Bitcoin power consumption increased by 41% in one year
Despite the crypto market's capitalisation falling three times from its 2021-high and the appearance of energy-efficient ASICs, Bitcoin miners' power consumption has jumped 41% to 266 TWh in the past 12 months, according to estimates from the Bitcoin Mining Council (BMC). This represents 0.16% of the world's total electricity production and 0.10% of the world's hydrocarbon emissions.
Thanks to the introduction of new ASICs, the energy efficiency of mining has increased by 23% in one year and by 5,814% in the last eight years.
At the same time, the network's hashrate skyrocketed by 73% over the year and continues to grow. Last week, the one-off correction of 13.6% was the biggest in 2022. In other words, new equipment is being put into use at a drastic pace. And while some mining companies are struggling to make ends meet, others are buying up the latest ASICs at bargain prices (read more in "Who's behind Bitcoin's skyrocketing hashrate?").
Bitcoin isn't the only cryptocurrency that uses miners' work, but it does account for 99% of all calculations performed. The authors of the BMC report provided the following visual comparison:
Since the crypto economy's decline, some projects' bankruptcies, energy shortages in certain regions and the pending global recession haven't had a negative impact on Bitcoin mining, the risk of regulatory pressure is increasing.

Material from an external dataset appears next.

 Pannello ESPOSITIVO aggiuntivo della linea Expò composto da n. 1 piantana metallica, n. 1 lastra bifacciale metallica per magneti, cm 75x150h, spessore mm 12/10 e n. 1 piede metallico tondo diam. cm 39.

For example, some countries legalise crypto mining and impose an additional tax on the electricity used, while others simply ban it.
Even Greenpeace has launched a campaign against Bitcoin, calling to follow Ethereum and to "change the code, not the climate". The Blockchain Observatory (EUBOF), on the other hand, recommends that EU countries adopt measures to reduce power consumption by miners very soon.

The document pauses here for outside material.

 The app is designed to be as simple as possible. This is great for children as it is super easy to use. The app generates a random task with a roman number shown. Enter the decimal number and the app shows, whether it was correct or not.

If we compare the different industries in terms of energy costs, Bitcoin mining would fall between computer games and gold mining. When compared to the traditional financial sector, it uses 20 times fewer resources.
In terms of energy consumption by various countries, mining has already overtaken Australia, Spain and Turkey, which seems rather alarming. But the world is still losing a large amount of energy that could completely cover the needs of miners. The University of Cambridge estimates the potential energy from worldwide flaring of associated petroleum gas at 688 TWh, which is 2.5 times the current demand of the crypto network.